A princípio, sempre que o colaborador arca com esses custos em nome da empresa vai gerar uma demanda de reembolso de despesas corporativas. Ou seja, quanto maior for a operação, maior será o volume de recibos e notas fiscais para validação.
Como é comum nas grandes organizações, o reembolso será aprovado quando o gasto estiver de acordo com a política interna. Ou seja, a validação dos reembolsos não envolve apenas uma análise do recibo em si, é necessário checar as normas e identificar se o recurso foi aplicado de acordo com o que a empresa autoriza.
Os 5 erros mais comuns nos reembolsos de despesas corporativas
Claro que processos mal estruturados vão gerar inúmeros problemas. Como exemplo, reunimos aqui cinco das falhas mais comuns em reembolsos corporativos. Avalie a frequência como elas aparecem em sua organização.
1. Falta de uma política de reembolso clara
Se a empresa não estabelece uma política definida e acessível, corre o risco de receber pedidos indevidos de reembolso, o que gera confusão e gastos desnecessários. Imagine que, em uma fábrica, cada gestor interprete as regras de forma diferente.
Então, um funcionário pode conseguir aprovação para um jantar corporativo de alto valor, enquanto outro tem a mesma solicitação negada. Essa falta de padronização resulta em insatisfação interna e riscos financeiros.
Ao estabelecer regras claras e automatizadas, a empresa garante que todos os reembolsos de despesas corporativas sigam critérios uniformes, evita conflitos e, principalmente, reduz custos desnecessários.

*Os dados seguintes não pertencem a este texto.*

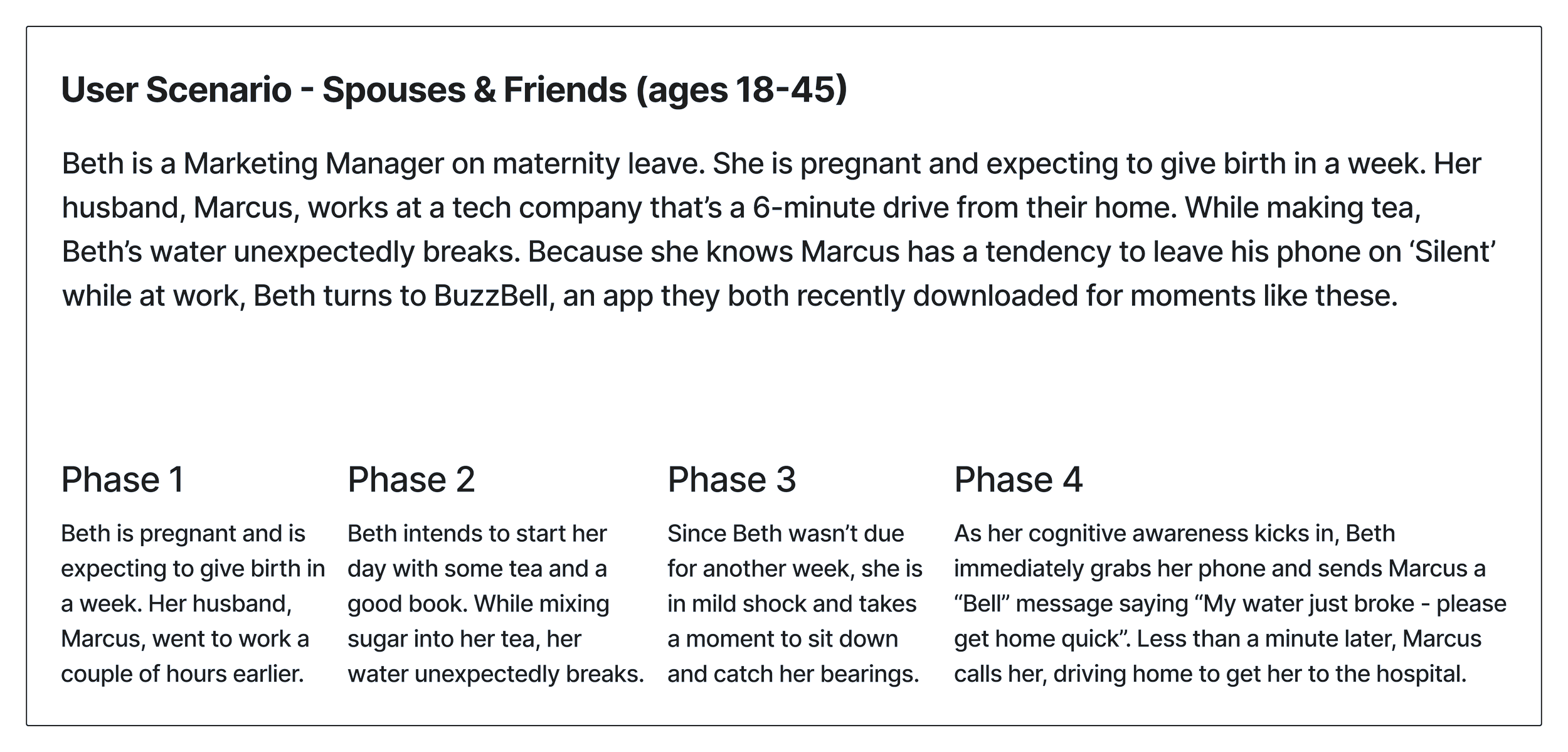 Based on 5 hypothetical target user groups, I developed 5 user scenarios (2 for ‘Buzz’, 3 for ‘Bell’), renewing our value proposition through the more nuanced and robust dualization of our patented offering.
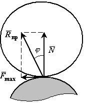 де безрозмірний коефіцієнт 4. Коефіцієнт тертя ковзання залежить від матеріалу і фізичного стану поверхонь, що труться, тобто від величини і характеру шорсткості, вологості, температури та інших умов. Коефіцієнт тертя встановлюється експериментально. Вважається, що коефіцієнт тертя не залежить від швидкості руху. Кут тертя. Умови рівноваги Багато завдань на рівновагу тіла на шорсткій поверхні, тобто за наявності тертя, зручно вирішувати геометрично. Для цього введемо поняття кута і конуса тертя. Реакція реальної (шорсткої) в'язі
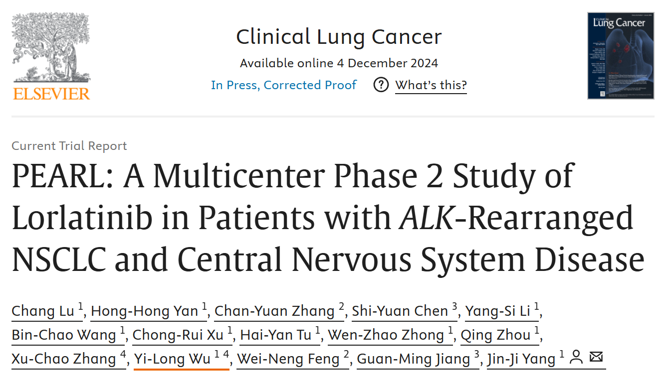 Lu C, Yan HH, Zhang CY, Chen SY, Li YS, Wang BC, Xu CR, Tu HY, Zhong WZ, Zhou Q, Zhang XC, Wu YL, Feng WN, Jiang GM, Yang JJ. PEARL: A Multicenter Phase 2 Study of Lorlatinib in Patients with ALK-Rearranged NSCLC and Central Nervous System Disease. Clin Lung Cancer. 2024 Dec 4:S1525-7304(24)00265-1. doi: 10.1016/j.cllc.2024.12.002. Epub ahead of print. PMID: 39721825.
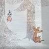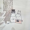 上質感のある繊細な描写の木々の近くでムーミンとたくさんの仲間たちが見え隠れする可愛らしいデザイン
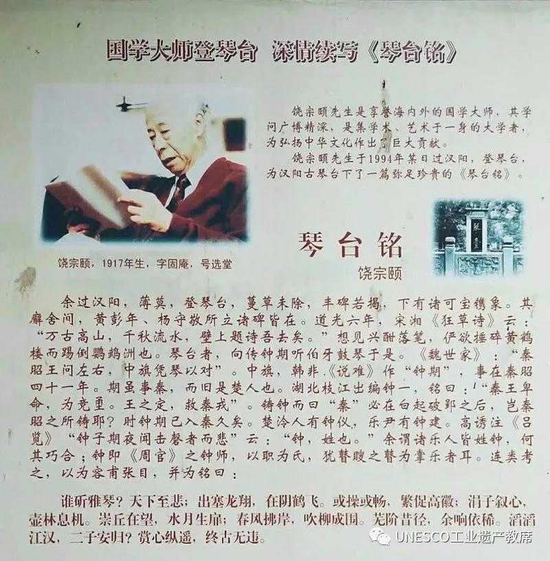 饶宗颐先生曾于1994年某日过汉阳,登琴台,写下了《琴台铭》。
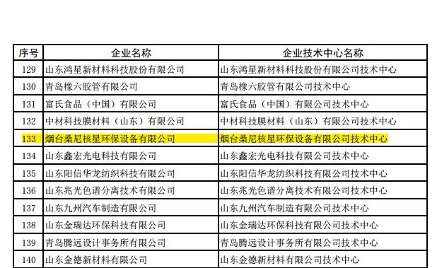 桑尼環保成功入選山東省級企業技術中心
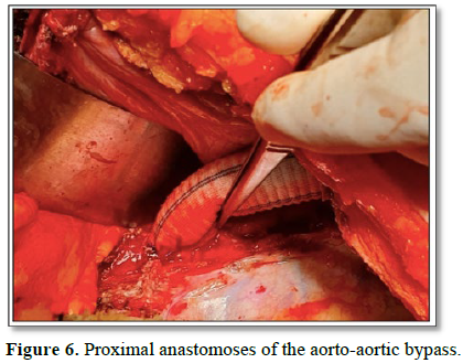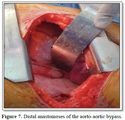 After controlling the thoraco-abdominal aorta and the intercostal arteries just above the coeliac trunk (Figure 4), we were not able to control the upper neck. So, we performed a second thoracotomy through the 4th intercostal space (Figure 5). We administrated a 1mg/kg bolus of heparin, andvia lateral clamping of the aorta, we performed an aorto-aortic bypass with a 20 mm tubular Dacron graft (Figures 6 and 7). No complications were noted after the surgery, and we noted the reappearance of lower limb pulses.

2. Aceitar comprovantes inválidos
A validação manual, inclusive nos reembolsos de despesas corporativas, é suscetível a erros, pois permite que documentos suspeitos ou incompletos sejam aceitos. Suponha que um colaborador submeta um recibo manuscrito referente a gastos com combustível em uma visita.

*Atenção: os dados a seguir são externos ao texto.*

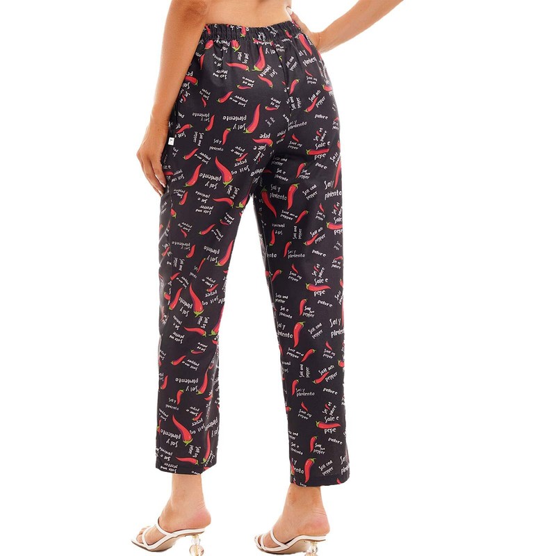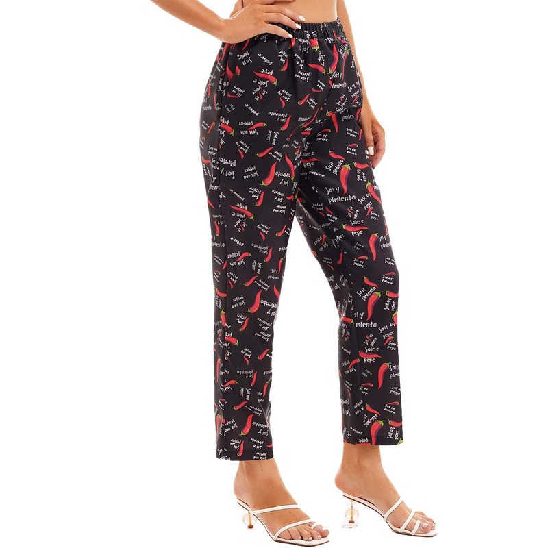 Womens Mens Chili Printed Chef Pants Hotel Kitchen Uniform Drawstring Elastic Waist Trousers.
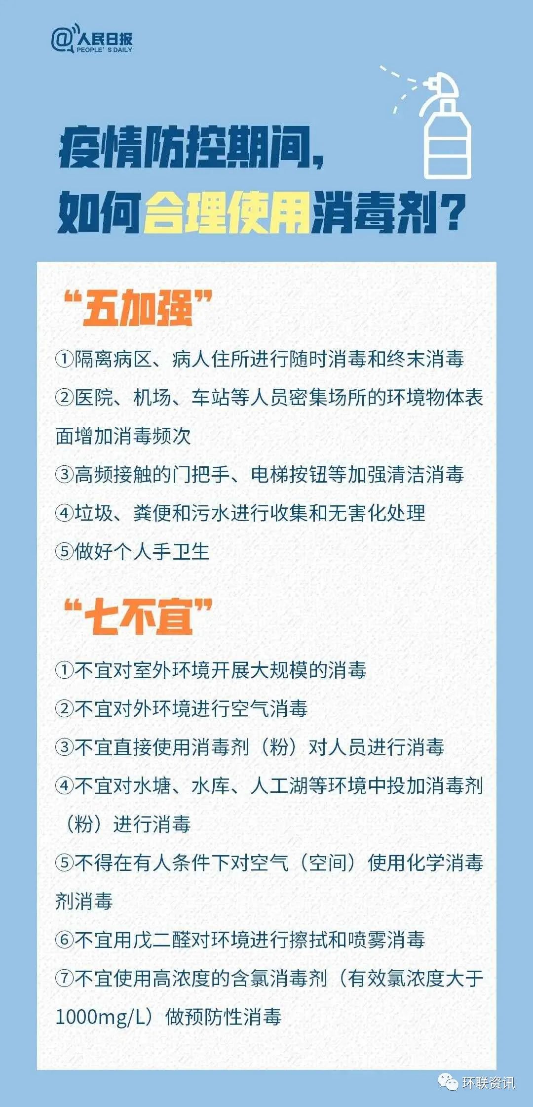 新型冠狀病毒肺炎疫情防控期間,應(yīng)合理使用消毒劑,遵循“五加強(qiáng)七不宜”,真正做到切斷傳播途徑,控制傳染病流行。“五加強(qiáng)”:隔離病區(qū)、病人住所進(jìn)行隨時(shí)消毒和終末消毒;醫(yī)院、機(jī)場(chǎng)、車站等人員密集場(chǎng)所的環(huán)境物體表面增加消毒頻次;高頻接觸的門(mén)把手、電梯按鈕等加強(qiáng)清潔消毒;垃圾、糞便和污水進(jìn)行收集和無(wú)害化處理;做好個(gè)人手衛(wèi)生。“七不宜”:不宜對(duì)室外環(huán)境開(kāi)展大規(guī)模的消毒;不宜對(duì)外環(huán)境進(jìn)行空氣消毒;不宜直接使用消毒劑(粉)對(duì)人員進(jìn)行消毒;不宜對(duì)水塘、水庫(kù)、人工湖等環(huán)境中投加消毒劑(粉)進(jìn)行消毒;不得在有人條件下對(duì)空氣(空間)使用化學(xué)消毒劑消毒;不宜用戊二醛對(duì)環(huán)境進(jìn)行擦拭和噴霧消毒;不宜使用高濃度的含氯消毒劑(有效氯濃度大于1000mg/L)做預(yù)防性消毒。

Então, devido à pressa da equipe de finanças, o documento é aprovado sem a devida conferência. Isso abre brechas para fraudes e pagamentos indevidos.
Por outro lado, a automação pode agilizar a análise de comprovantes, checar informações importantes e assegurar que cada documento esteja dentro das diretrizes estabelecidas pela empresa.

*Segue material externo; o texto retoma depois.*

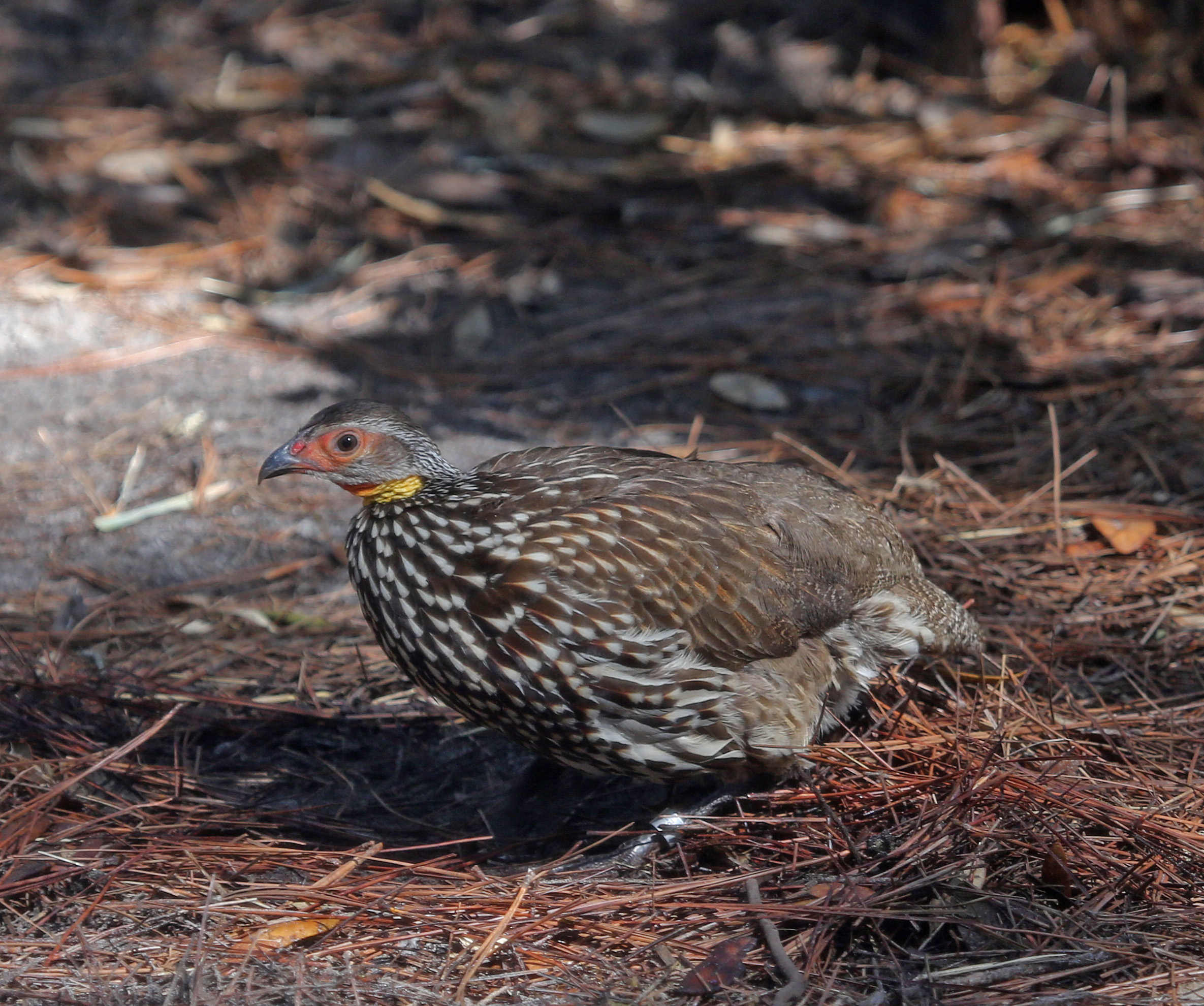 The Yellow-necked Francolin or Yellow-necked Spurfowl is found in Africa. Diet is mainly seeds and a small number of insects.

3. Erros na categorização das despesas
Lidar manualmente com diversas categorias contábeis pode levar a erros no registro de despesas, afetando o planejamento financeiro e a conformidade fiscal. Um exemplo comum é a classificação equivocada de um gasto com transporte como alimentação, gerando distorções no orçamento.
No entanto, automatizar a análise de reembolsos e permite padronizar a classificação de cada despesa para estudos futuros. Assim, elimina erros e garante a conformidade fiscal da operação.
4. Cobranças duplicadas
A falta de uma visão centralizada pode levar ao pagamento repetido de uma mesma despesa, comprometendo o orçamento da empresa. Imagine que um funcionário envie um mesmo comprovante por dois canais diferentes. Sem um controle eficiente, há o risco de reembolso em dobro.
Neste sentido, a implementação de um sistema inteligente capaz de centralizar as validações, analisar documentos e cruzar dados evitará o problema. A solução aumentará a transparência e garantirá maior controle do orçamento interno.
5. Ausência de controle sobre fraudes
Por fim, processos manuais dificultam a detecção de padrões suspeitos, permitindo fraudes como despesas pessoais sendo declaradas como corporativas. Por exemplo, um colaborador pode submeter um comprovante de uma compra pessoal como se fosse uma de trabalho, sem que ninguém perceba.
A utilização de algoritmos de inteligência artificial, entretanto, pode identificar padrões anômalos e sinalizar automaticamente comportamentos suspeitos. Com isso, permite ações corretivas rápidas.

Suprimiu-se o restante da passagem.